Реализация алгоритма – Крускал

 

#include <cstdio>

#include <algorithm>

#include <vector>

#include <cmath>

#define MAX 110

using namespace std;

 

int mas[MAX];

double x[MAX], y[MAX],  MST;

vector<vector<double> > e;

vector<vector<double> >::iterator iter;

vector<double> temp(3,0);

 

int Repr(int n)

{

  while (n != mas[n]) n = mas[n];

  return n; 

}

 

int Union(int x,int y)

{

  int x1 = Repr(x),y1 = Repr(y);

  mas[x1] = y1;

  return (x1 != y1);

}

 

int lt(vector<double> a, vector<double> b)

{

  return (a[2] < b[2]);

}

 

double RunMST(void)

{

  double res = 0.0;

  for(iter = e.begin(); iter != e.end(); iter++)
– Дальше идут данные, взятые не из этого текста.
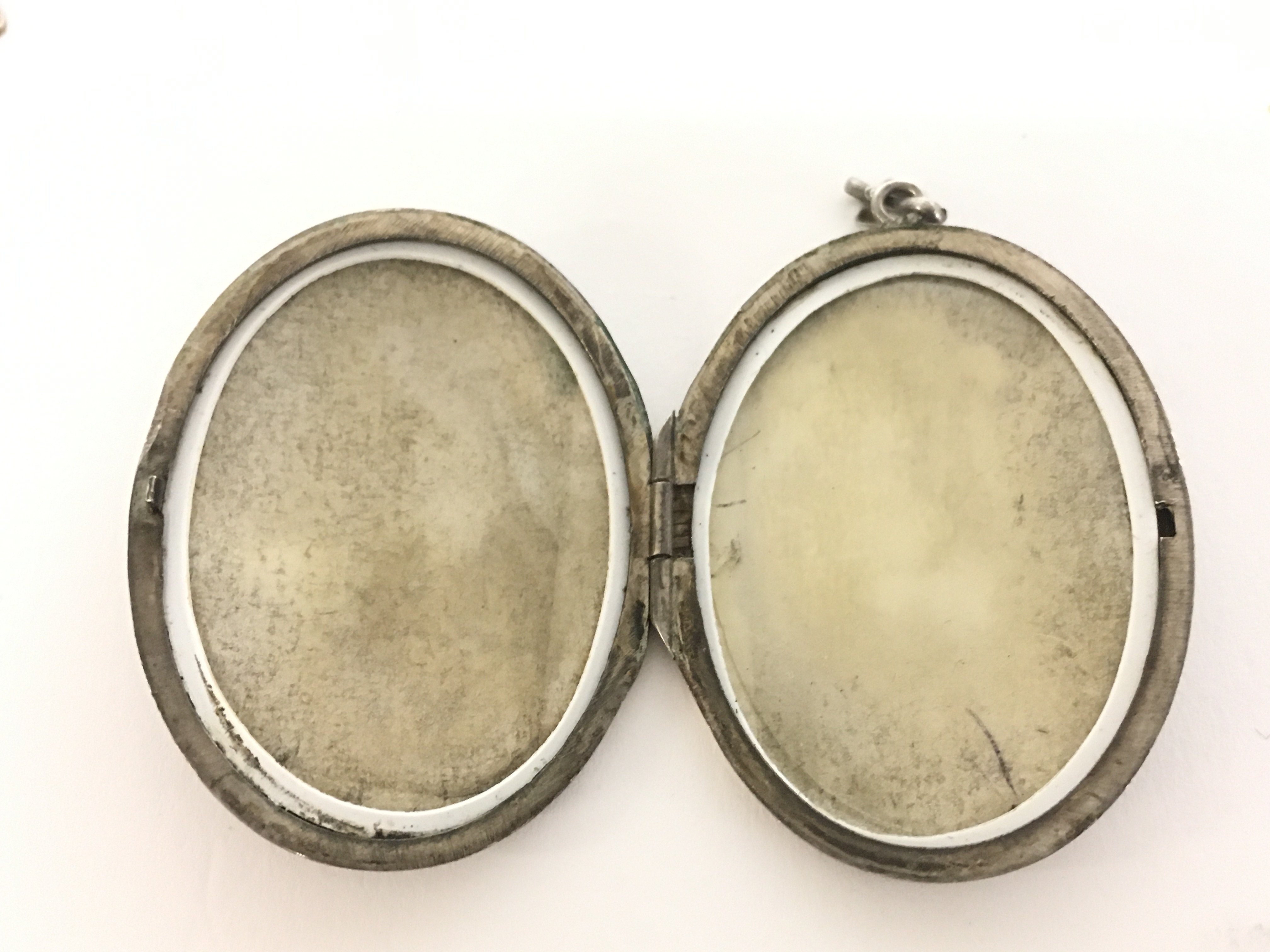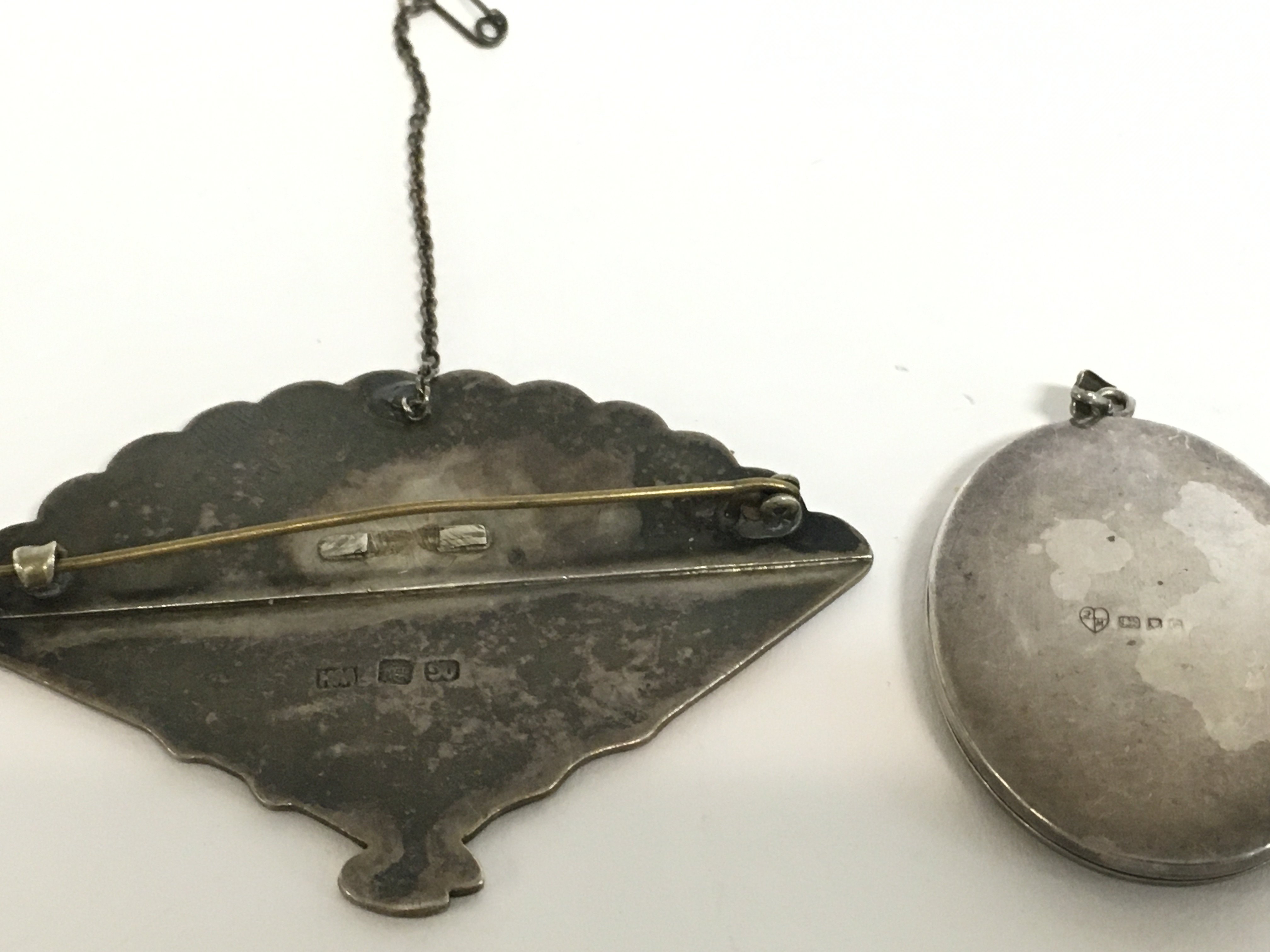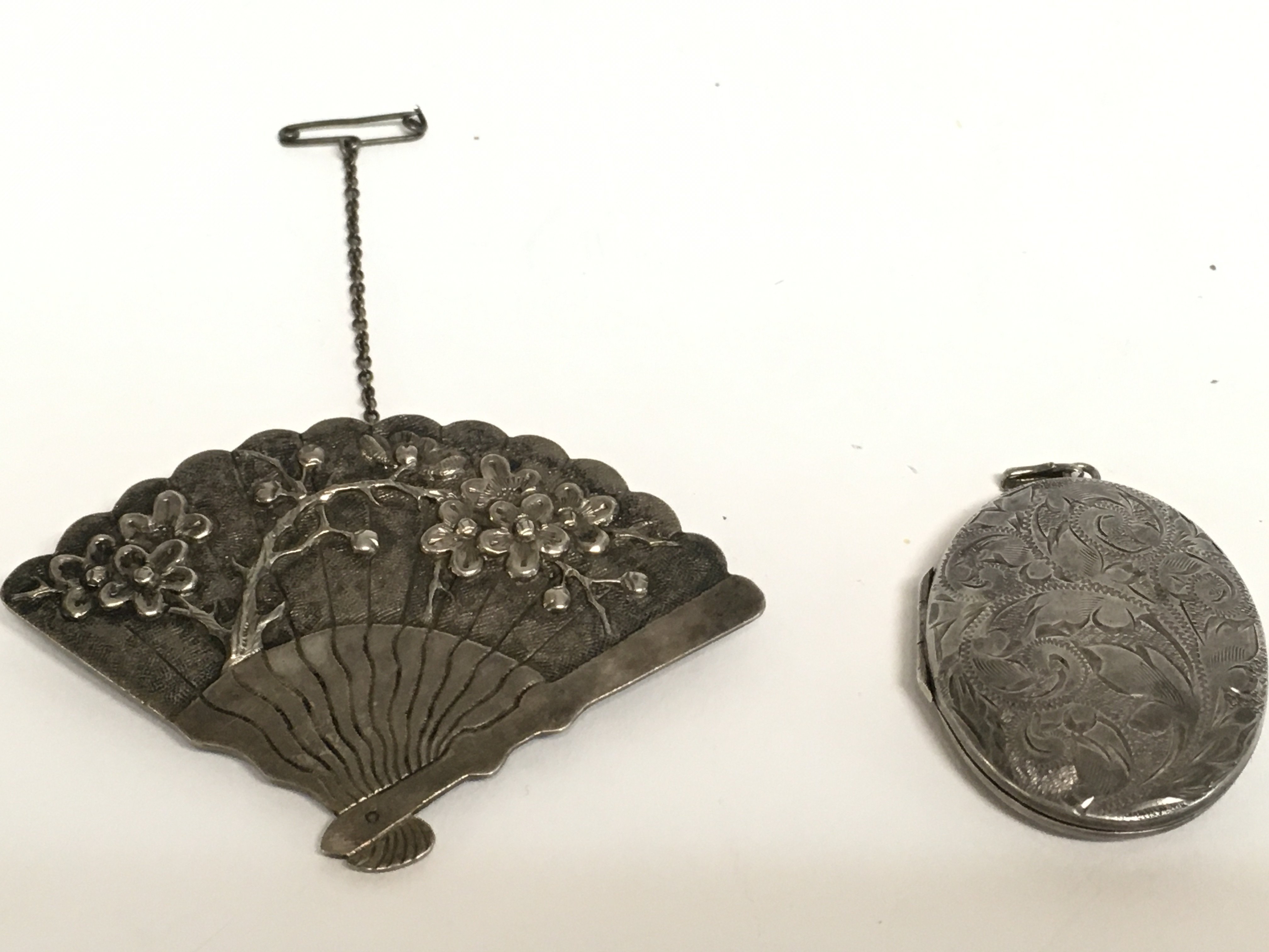 A Chinese silver fan brooch and a silver locket. Postage category A- NO RESERVE

    if (Union((*iter)[0],(*iter)[1]))

      res += (*iter)[2];

  return res;

}

 

int main(void)

{

  int i, j, n, m, tests;

  scanf("%d",&n);

  for(i = 1; i <= n; i++)

    scanf("%lf %lf",&x[i],&y[i]);

 

  for(i = 1; i <= n; i++) mas[i] = i;

   

  for(i = 1; i <= n; i++)

  for(j = i + 1; j <= n; j++)

  {

    temp[0] = i; temp[1] = j;

    temp[2] = sqrt((x[j] - x[i])*(x[j] - x[i]) +

                  (y[j] - y[i])*(y[j] - y[i]));

    e.push_back(temp);

  }

   

  sort(e.begin(),e.end(),lt);

  MST = RunMST();

 

  printf("%.2lf\n",MST);

  return 0;

}

 

Реализация алгоритма – Прим

 

#include <stdio.h>

#include <math.h>

#include <string.h>

#define MAX 110

 

double x[MAX], y[MAX];

int i, j, v, to, n;

int used[MAX], end_e[MAX];

double dist, min_e[MAX];

 

double dist2(int i, int j)

{

  return (x[j] - x[i])*(x[j] - x[i]) + (y[j] - y[i])*(y[j] - y[i]);

}

 

int main(void)

{

  scanf("%d",&n);

  for(i = 0; i < n; i++)

  {

    scanf("%lf %lf",&x[i], &y[i]);

    min_e[i] = 1e9;

  }

 

  memset(end_e,-1,sizeof(end_e));

  memset(used,0,sizeof(used));

 

  dist = min_e[0] = 0;

  for (i = 0; i < n; i++)

  {

    v = -1;

    for (j = 0; j < n; j++)

      if (!used[j] && (v == -1 || min_e[j] < min_e[v])) v = j;

 

    used[v] = 1;

    if (end_e[v] != -1) dist += sqrt(dist2(v,end_e[v]));

 

    for (to = 0; to < n; to++)

    {

      int dV_TO = dist2(v,to);

      if (!used[to] && (dV_TO < min_e[to]))

      {

        min_e[to] = dV_TO;

        end_e[to] = v;

      }

    }

  }

 

  printf("%.2lf\n",dist);

  return 0;

}